In continuation of her series on couples – Laura presents a pair of owls. Once wise in themselves, now well into middle age, they have expanded at the waist and joined together to form a single entity that appears both comfortable and shocked at what they have become and who look out of darkened eyes on a world that no longer seems to present an infinite set of possibilities.
In a new group of works wetland birds are grounded, seemingly drunk and apparently unconcerned at their own vulnerability. Each is wrestling with gravity, shaped by what supports them. One bird hangs off the edge of a table forming a perfect right angle with its wing and neck, others take the shape of tree stumps upon which they have draped themselves for support while another utilises a part of itself for comfort and in this way a wing becomes a pillow. All the usual controls appear to have been abandoned and body parts that are usually held under tight management take on a life of their own.
In five very large watercolours there are cats swimming in water. Clearly it is not their usual habitat but it appears to be something they are coping with to different degrees of success and, perhaps, in some cases even starting to enjoy. The water is moody. Perhaps it too cold, too hot, or too deep with dangerous undercurrents or perhaps it is merely inconveniently wet. Whichever it is the cat swims on, just sufficiently equipped to do so, occasionally content but often irritated at being a cat that has to swim in water.
On a floral carpet a male and female monkey take a break from the treetops and sit together eating a picnic of fruits. They are relaxed, very relaxed in fact, completely unconcerned by the viewers presence. The work presents a challenge – can we, the viewers, feel relaxed in the presence of their total relaxation?

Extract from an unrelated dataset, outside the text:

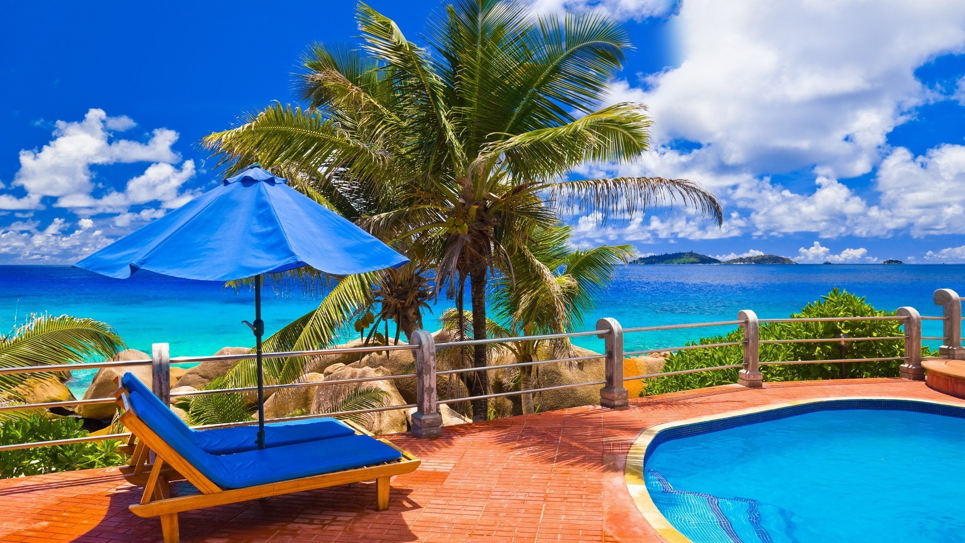 Schicke Terrasse mit Pool und Meerblick

In a long developing series, Ford has exploited the image of Marino Marini's famous horses on numerous occasions. These horses are always planted immobile, with neck extended, ears pinned back and mouth open. An example, in the Peggy Guggenheim Collection in Venice, is 'The Angel of the City,' depicting 'affirmation and charged strength associated explicitly with sexual potency’ (Lucy Flint). In Ford’s new work, My Little Marini, she combines this reference with the children's toy ‘My Little Pony', which comes in different colours with long manes and tales to be preened, pampered and feminised by the child. Her horse is also rooted to the spot, immobile with the neck extended, ears pinned back and mouth open but it has, as if his posture was not enough, an embellishment of a golden ribbon around its tail. Mounted astride the horse a little girl sits facing backwards, covered in rosettes perhaps won at a local gymkhana. All heroism is lost, neither horse nor girl are going anywhere.